■ **EXERCISE GOAL**: Nothing but the lines from the one with "2007 UPPER DECK" through the end of the listing should be reproduced, each exactly and with pictures omitted.

■ **EXERCISE MATERIALS**:

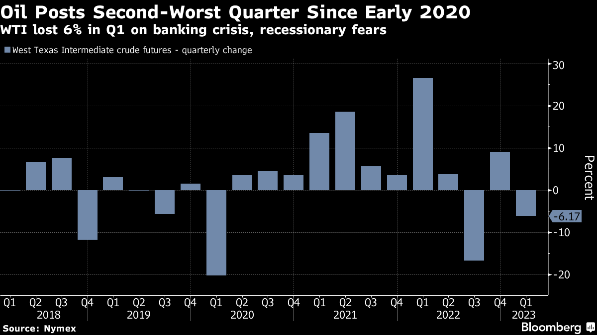 Prices have slid against a backdrop of gloomy US economic sentiment and a banking crisis that rattled broader markets. While oil bulls have hung their hopes on a rebound China's demand as it ends Covid Zero policies, the recovery has been slower than some expected.
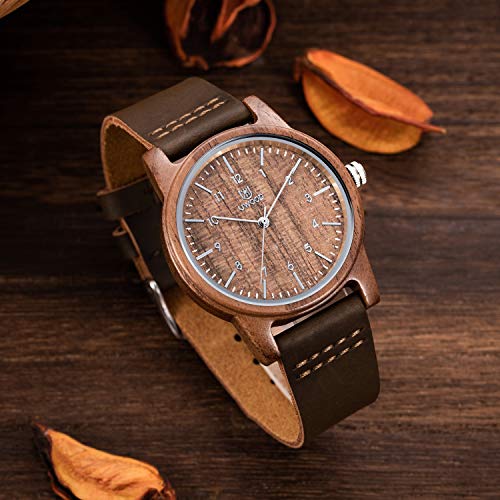 Einzigartige Eleganz:Die Kombination der holz-Uhr mit dem Uhrarmband vereint sich zu einem modernen und zugleich minimalistischen Look und macht diese Holzuhr zu einem unserer beliebtesten Designs in unserer Kollektion.. Ökoprodukt: Aus ereuerbarem Naturholz gemachte Holz armbanduhr wiegt sich sehr leicht und hat einen guten Tragekomfort nach feiner Polierverarbeitung. Der Leder armband wegen der niedirgien Hautempflichkeit ist mehr geeignet für Allergiker. Hochwertige Holzuhr: Japanisches Quarzwerk zur präzise Zeitmessung und bis 2 Jahre lange eingebaute Knopfzelle, kratzfestes Mineralglas, verbraucherfreundliche aus Edelstahl Buckle, Very easy to wear.Es ist sehr leise! Kein lautes Ticken wie andere Uhren.. Ideales Geschenk: Ein optimales Geschenk gesucht? Die Holzuhr mit elegantem Aussehen passt allem Anlass und gilt als ein tolles Geschenk wie beim Geburtstag, Gedenktag, Fest oder für Ihren besonderen Umgang. Zuverlässiger Kundenservice: Auf Kundenfreundlicher Richtlinie genießen Sie bei uns kostenlosen Austausch, unbedingte Retoure und schnelle Antwort. Lieferumfang enthält schöne Holzuhr für herren damen unisex, Handbuch nämlich Garantiekarte, holz Armband
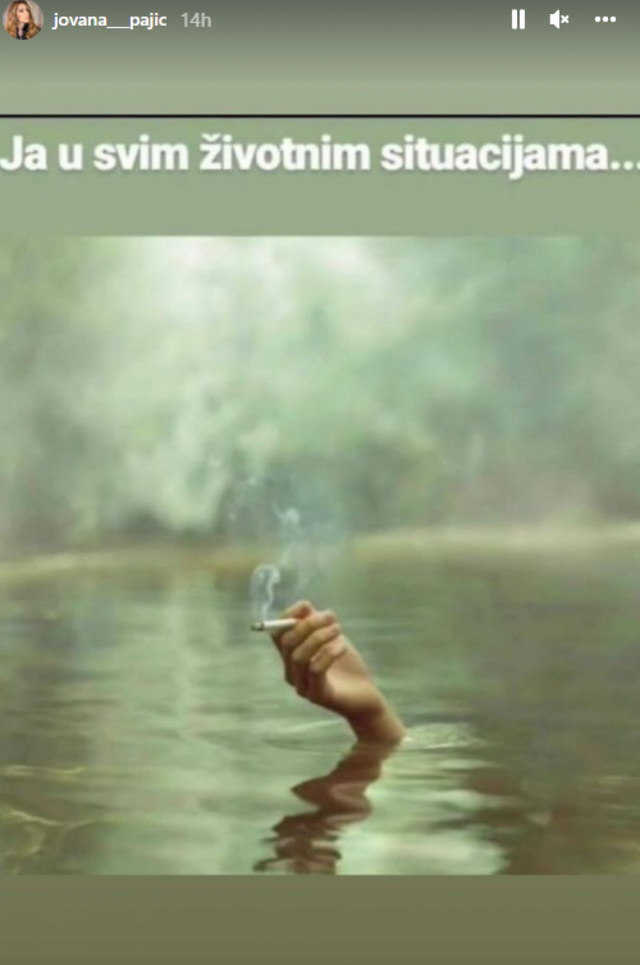 - Ja u svim životnim situacijama - napisala je Pajićeva uz sliku na kojoj vidimo kako se neko davi, ali uporedo i puši cigaretu.
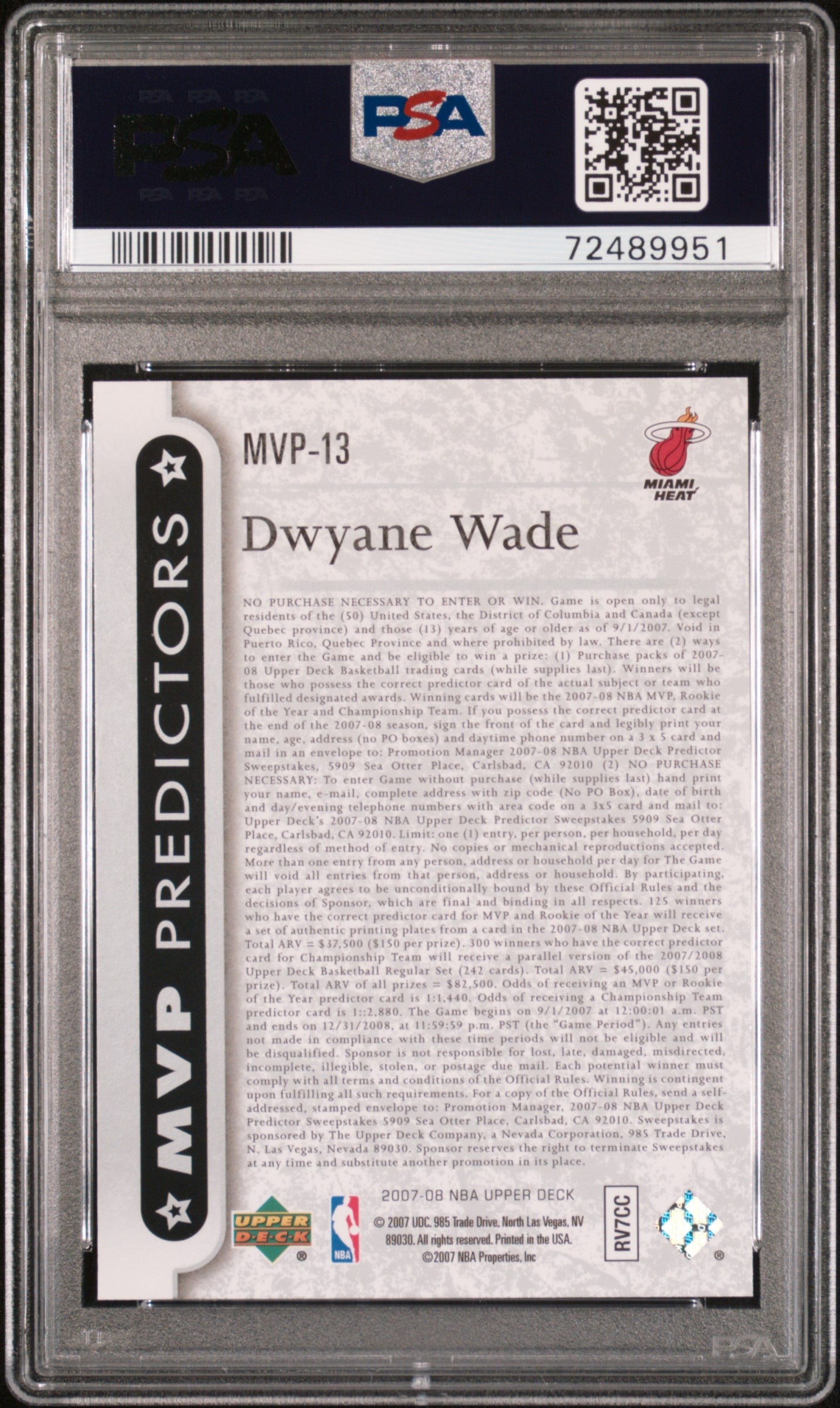2007 UPPER DECK MVP PREDICTORS DWYANE WADE #MVP13 - PSA 10
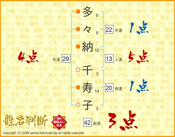 多(6画)々(6画)納(10画) 千(3画)寿(14画)子(3画)

■ **EXERCISE OUTPUT**:
2007 UPPER DECK MVP PREDICTORS DWYANE WADE #MVP13 - PSA 10
 多(6画)々(6画)納(10画) 千(3画)寿(14画)子(3画)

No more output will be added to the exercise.